* [TASK BRIEF]: Every line from the opening of the records to the line with "适用于AI计算芯片主要类型,制表丨电子工程世界" should be restated exactly, with both ends included and the pictures left out.

Dataset excerpts
──────────────────────────────

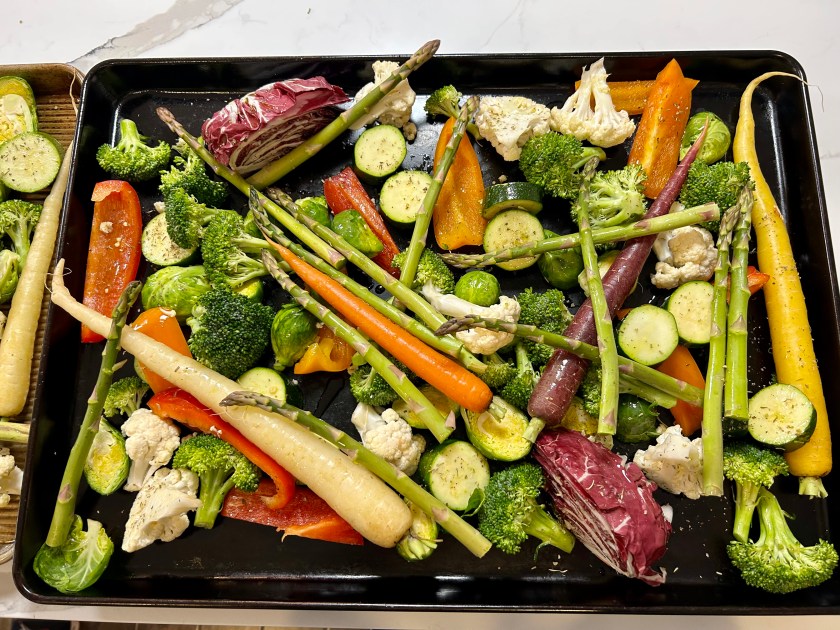 I’ve never seen veggies done this way in big pieces. They were delicious! I came home with some of the leftovers. They are so pretty when cooked too.
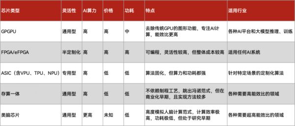 适用于AI计算芯片主要类型,制表丨电子工程世界
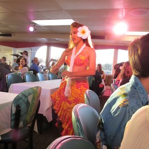 出航したら、キャプテンの乾杯の挨拶、ダンサーによるフラを見ることができます!しばらく食事を楽しんで、本来ならサンセットを外で見ることができたのかもしれませんが、当日は雨の為見ることは出来ませんでした。ただその分ゆっくり食事をして、後半にはジャズを聴きながら楽しむことができました!雨と強風のせいかわかりませんが少し船は揺れてました(・・;)船酔いする方は気をつけた方がいいかもしれません!お手洗いはとても広く綺麗でした!
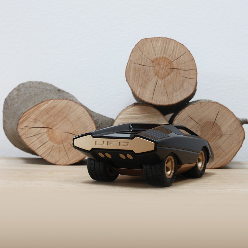 Evoke the spirit of adventure and exploration with the UFO Cannone, paying homage to the iconic and unworldly concept cars of the 1970's. Looking futuristic and very stylish in glossy black with champagne gold rims and detail, it is made from high quality robust ABS Plastic, built to withstand the rigors of play and stand the test of time. The high gloss UV coating has been hand-polished with care so whether you're a collector seeking a timeless piece of design or a child at heart ready for imaginative adventures, the UFO Cars are sure to impress.
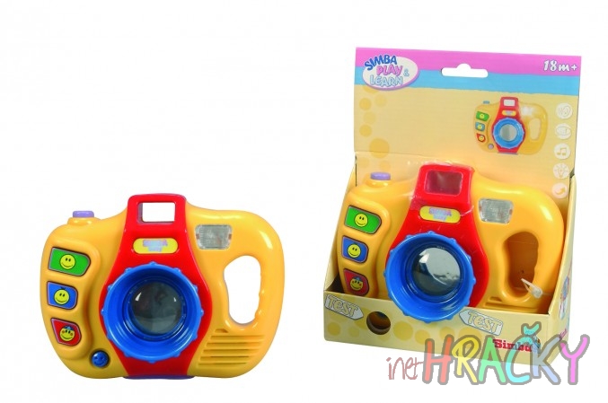 Simba fotokamera je krásně barevná. Stiskem tří zvukových kláves lze spusit mluvení, hudbu nebo zvuky a další funkce,...

──────────────────────────────

* [SOLUTION TO THIS TASK]:
 I’ve never seen veggies done this way in big pieces. They were delicious! I came home with some of the leftovers. They are so pretty when cooked too.
 适用于AI计算芯片主要类型,制表丨电子工程世界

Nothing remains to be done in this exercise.